◆ **EXERCISE REQUIREMENTS**: Below are records with pictures; copy word for word only the lines between the line with "解禁市值第二大的是长安汽车,解禁股东为南" and the line with "As for you, my", inclusive, and drop the pictures.

++++++++++++++++++++

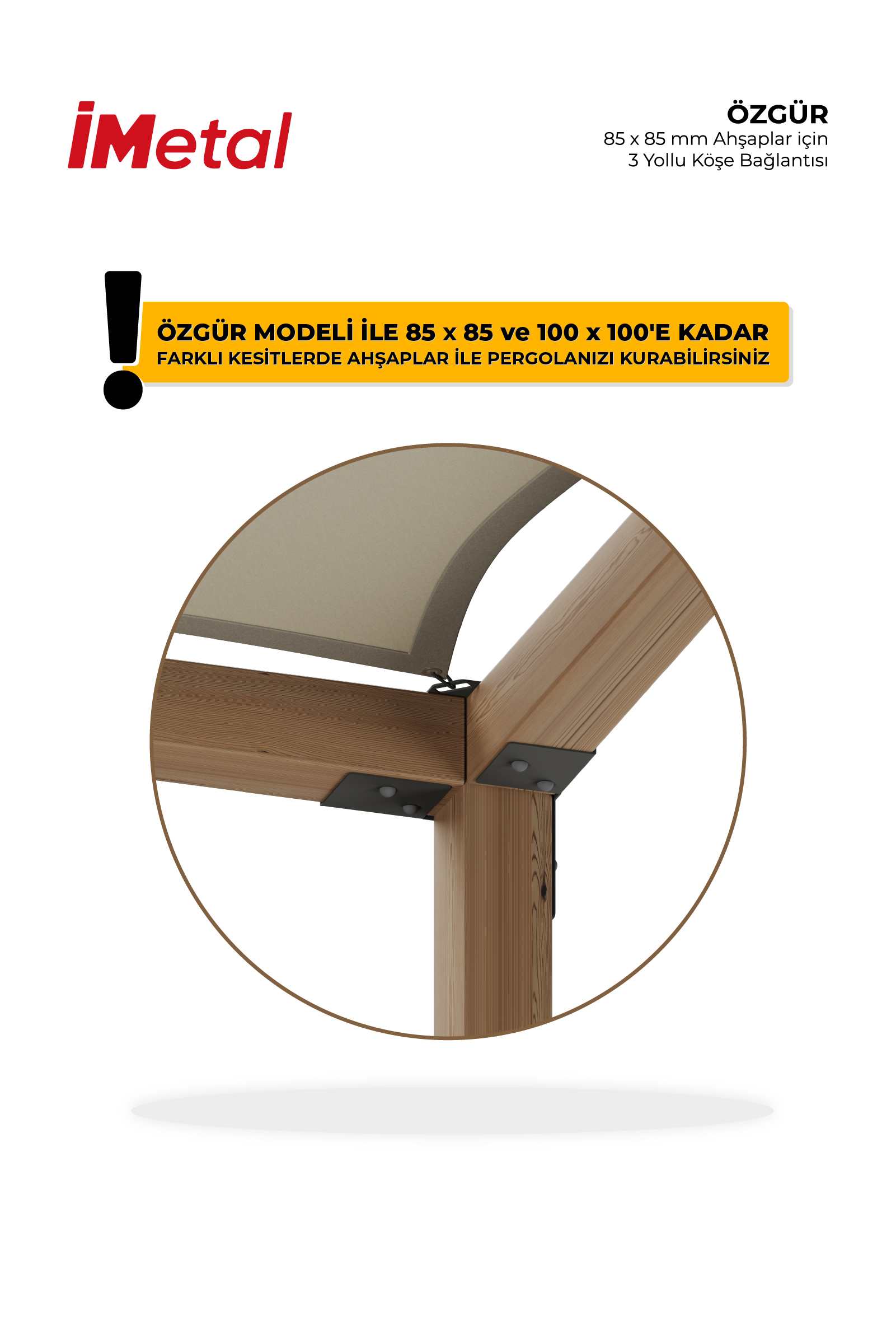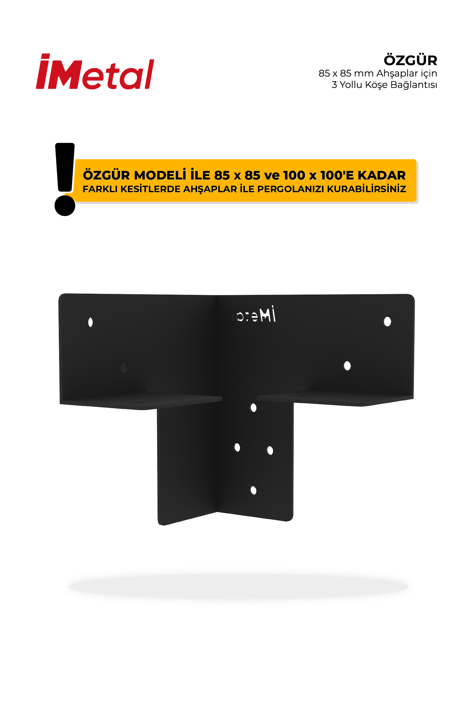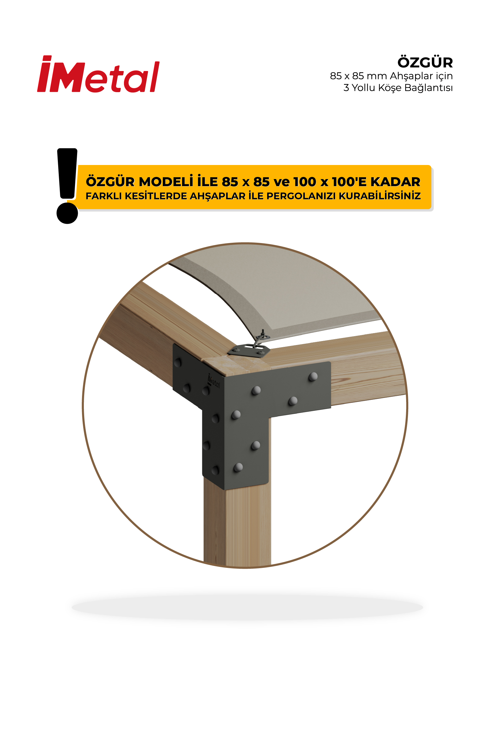 İMetal Özgür 3 Yollu Köşe Bağlantı Braketi 85x85'den 100x100 mm'ye Kadar Kesitli Ahşaplar İçin
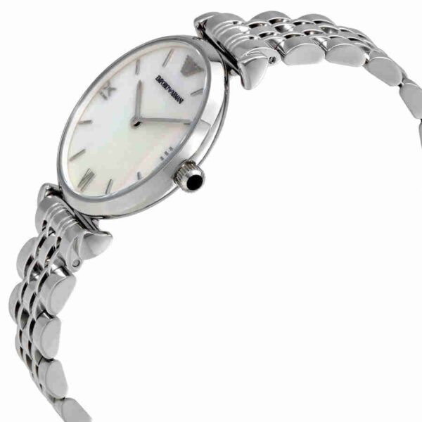 Emporio Armani Modern Slim Stainless Steel Bracelet. Ένα κομψό θηλυκό ρολόι, του οίκου Emporio Armani, της σειράς Modern Slim. Με κάσα διαμέτρου 32 mm και μπρασελέ, από ανοξείδωτο ατσάλι. Το εντυπωσιακό ασημί καντράν, διαθέτει το λογότυπο του οίκου, προσφέροντας μας έτσι, ένα εξαιρετικό σχέδιο.
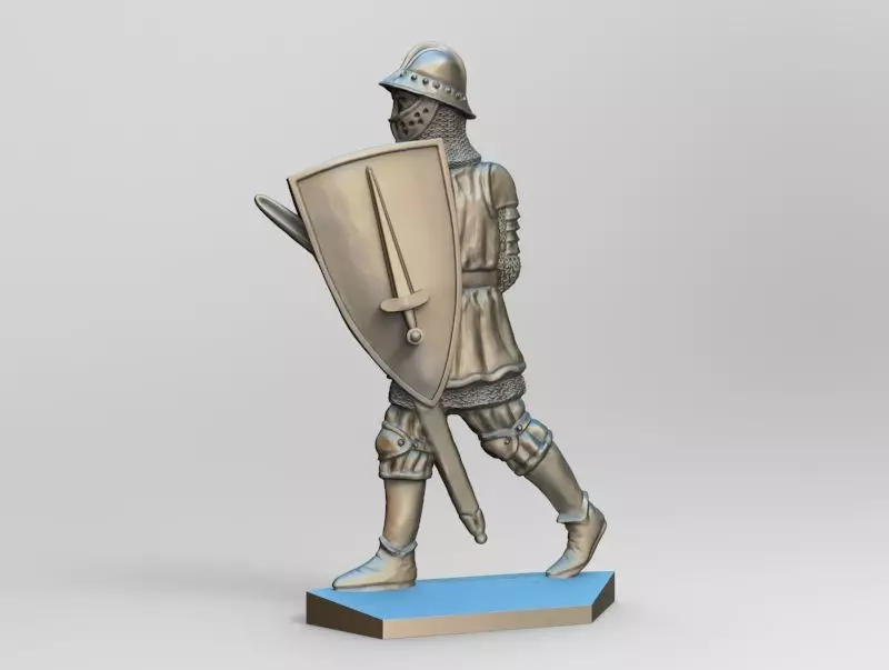 Knight 9 is a bas-relief figurine of a toy soldier for printing on a 3d printer or CNC milling, on a scale of 1:32 (54mm). The main weapon of a knight is a sword. The knights had special clothing: chain mail, a helmet and iron gauntlets. The knight's helmet was decorated with feathers or horns. The shield complemented the protection of the knight. At first, the shields were round, and then they began to be made oblong in order to protect the entire body of the owner. Lions, eagles, crosses or flowers were depicted on the shield - for decoration. Or the coat of arms of a knight. The knights were armed with a spear, a bow, a quiver with arrows, a two-handed sword, a mace, a crossbow.
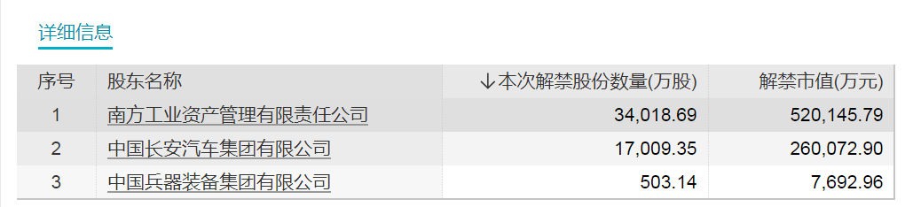 解禁市值第二大的是长安汽车,解禁股东为南方工业资产管理有限责任公司、中国长安汽车集团有限公司、中国兵器装备集团有限公司,这些股东下周解禁的股份来自于长安汽车2020年10月完成的定增,彼时的定增发行价为10.70元/股。
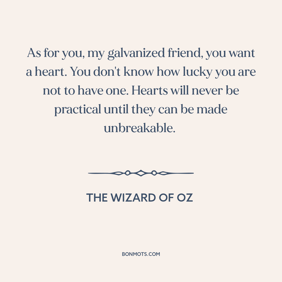 As for you, my galvanized friend, you want a heart. You don't know how lucky you are not to have one. Hearts will never be practical until they can be made unbreakable.
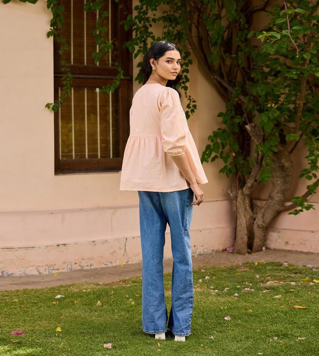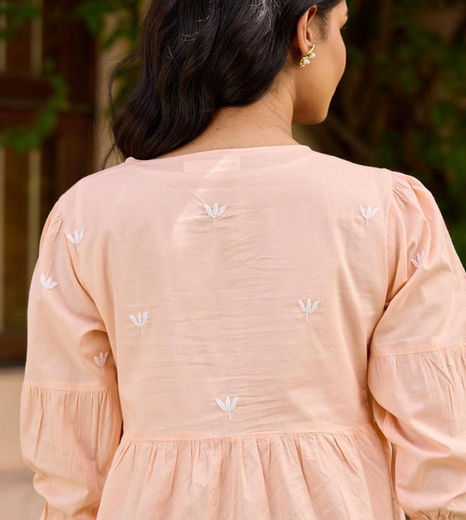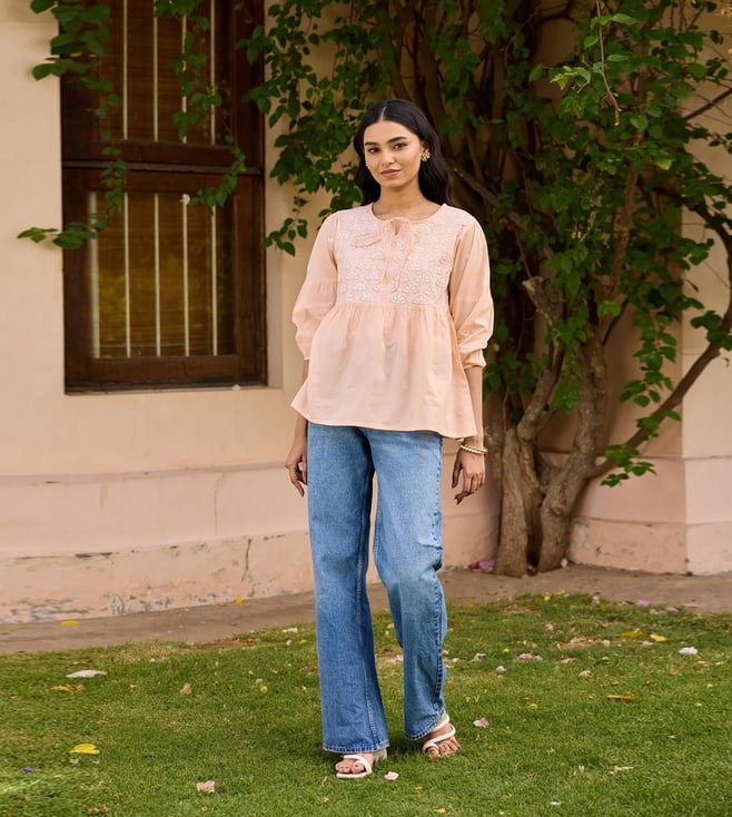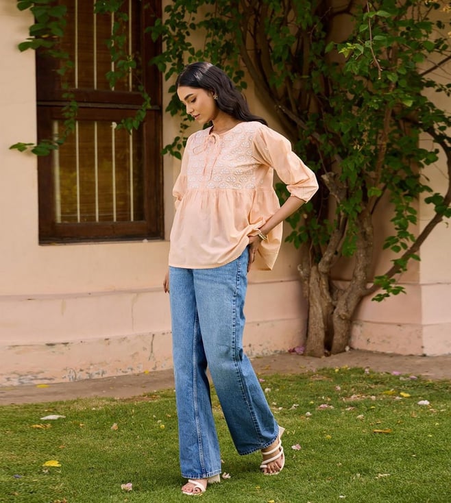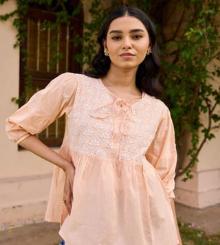 Embrace elegance with this exquisite peach top, crafted in breathable cotton for ultimate comfort. The straight fit design flatters every silhouette, while the intricate Chikankari pattern adds a touch of traditional artistry. Featuring three-fourth sleeves and a classic round neck, this top is perfect for any occasion. The subtle closure ensures a seamless finish, making it a versatile addition to your wardrobe. Ideal for the modern woman who appreciates timeless style with a cultural twist.

++++++++++++++++++++

◆ **TASK OUTPUT**:
 解禁市值第二大的是长安汽车,解禁股东为南方工业资产管理有限责任公司、中国长安汽车集团有限公司、中国兵器装备集团有限公司,这些股东下周解禁的股份来自于长安汽车2020年10月完成的定增,彼时的定增发行价为10.70元/股。
 As for you, my galvanized friend, you want a heart. You don't know how lucky you are not to have one. Hearts will never be practical until they can be made unbreakable.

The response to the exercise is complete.